Hailing from Champaign, Illinois (a place as quaint sounding as their music), Headlights spent some time in the Guest Apartment stripping down the already simple (and affecting) tunes of their latest album, Wildlife.
Lead singer Erin Fein faithfully recreates her charming voice on tracks like the fast-paced "Secrets," but the removal of nearly everything save an acordian, keyboard and acoustic guitar riff, adds surprising new depth to the song. "Get Going" sounds brilliant; Tristan Wraight and Erin manage to keep some of the greatest sonic qualities of Headlights in tact through whistling, and the harmonies that permeate through Wildlife are present and stunning. Once you get to the cool-down "Wisconsin Beaches," it is clear that Headlights is a band that gets each other; a level of cooperation and synchronization that only a small, intimate acoustic setting can bring out and allow to radiate.
Following the demise of the acclaimed pop band Absinthe Blind (Parasol Records), Erin Fein and Brett Sanderson formed the short-lived guitarless band Orphans, which provided Fein a developmental first outlet as principle songwriter. Soon, Tristan Wraight returned to Champaign, Illinois from a stint on the road as touring guitarist for Maserati and joined the band, invoking a startling change as he and Fein began a prolific period of songwriting together. The band changed completely, and in the thaw of the Illinois spring of 2004, Headlights was born in a farmhouse just north of Champaign.
The band quickly put together a set of songs and The Enemies EP was recorded at the band's farmhouse studio in a flourish. The EP was released to critical acclaim as a limited edition mail-order and tour-only EP. The first pressing sold out in a matter of a few short months. Headlights went on to share the stage with The Delgados, Mates of State, Magnolia Electric Co., The Appleseed Cast, Headphones, Mono, Earlimart, to name a few.
Headlights has been on tour long and often since, first branching throughout the Midwest and finally crossing the country (and back, several times now). The promise inherent in Headlights' debut LP brought The Enemies EP an official release in non-limited form in November of 2005.
In spring of 2006, Headlights played a monstrous 72-date tour, and released a split 7" with Ontario's Most Serene Republic (Arts & Crafts). After recording basic tracks with Kristian Riley (Maritime, Decibully) at Bionic Studios in Milwaukee, Headlights applied the finishing touches to their debut LP, Kill Them With Kindness, at the band's farmhouse just north of Champaign. In August, the LP bore its pretty face. Headlights toured extensively throughout 2007, including a 21-date European tour.
The far-reaching touring schedule of Headlights left the band with a great deal of material from radio sessions across the country, resulting in 2007's Friends and Loves. Comprised of 7 songs recorded live on WOXY.com, Indie 103.1 and Daytrotter.com, the limited-edition release is only available through Polyvinyl mail-order and through Headlights on tour.

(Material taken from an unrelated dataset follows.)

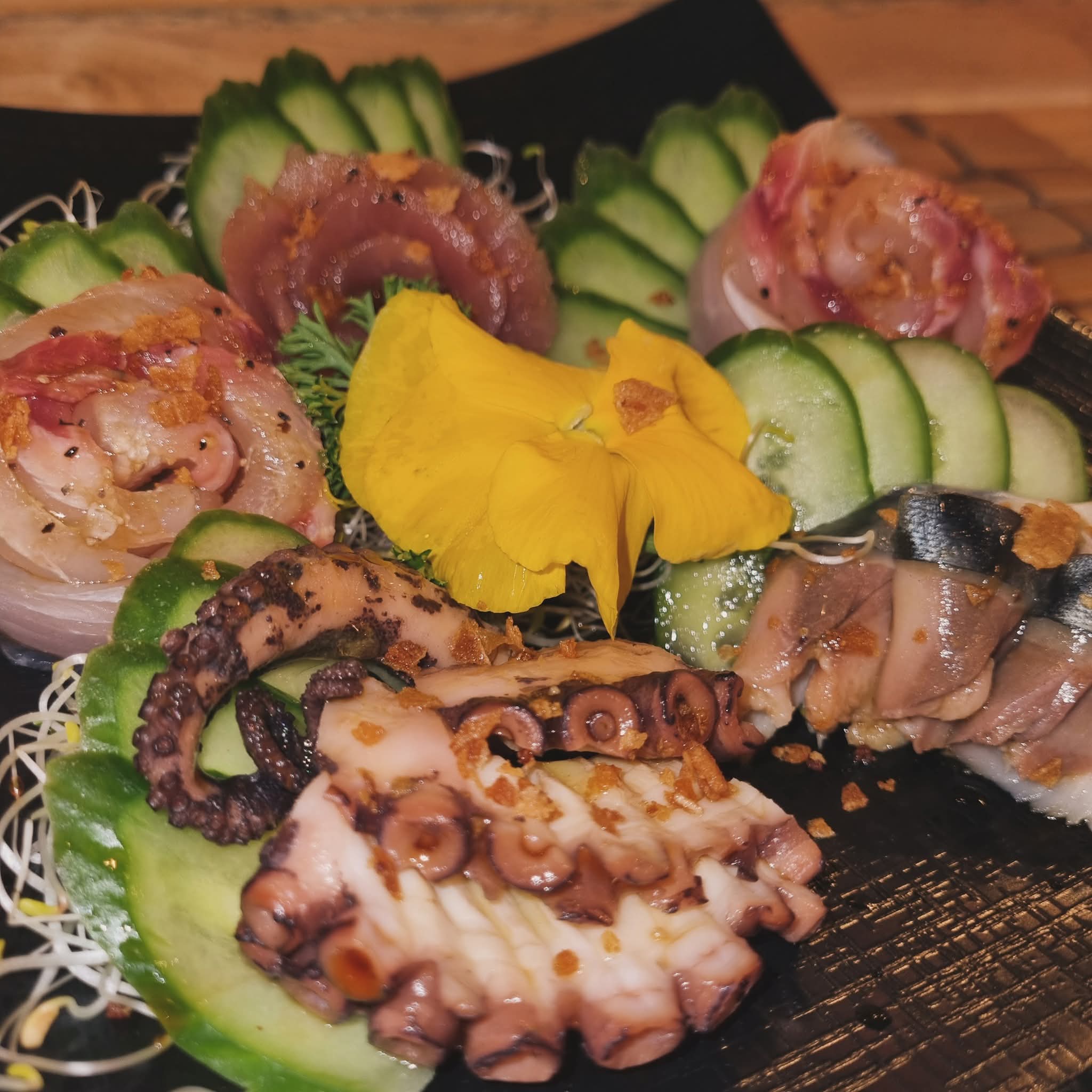 Cada detalle importa. El sashimi, por ejemplo, se limpia y purifica con sal y sake antes de servirse, una enseñanza que el chef aprendió desde niño junto a su abuela en los mercados. Para él, el pescado merece respeto y cuidado, no todo se usa y todo debe tratarse con atención.

Working from a farmhouse just outside of Champaign, Headlights took a freer, more simplistic approach to the recording of their sophomore release, Some Racing, Some Stopping. The self-produced album finds Headlights dropping the atmospheric elements of Kill Them With Kindness and focusing on a more '60s inspired pop sentiment. Joined by Nick Sanborn (Decibully) on bass and accordion, and a small cast of musical friends, Some Racing, Some Stopping is Headlights at their finest.
Following the early 2008 release of Some Racing, Some Stopping, Headlights hit the road again, logging another slew of shows that strengthened old ties and gained new friendships left and right. In late 2008, Polyvinyl Records released Remixes, a collection of Headlights classics remixed by the likes of artists from The Album Leaf and Casiotone for the Painfully Alone, to Son Lux and Cale Parks and T.J. Lipple of Aloha. This limited-edition release is limited to 1000 copies on CD and 2000 copies on vinyl.
Headlights' third full-length, Wildlife, is a poignant piece haunted by the notions of loss and leaving, yet fueled by the power of survival. Following a tumultuous recording that saw the amicable departure of guitarist John Owen, the band turned the scrapped session into a confident, significantly personal work.
Recorded at home and mixed by drummer Brett Sanderson, Wildlife, is a collection of complex tracks filled with youthful laments and songs of friendship and aspiration.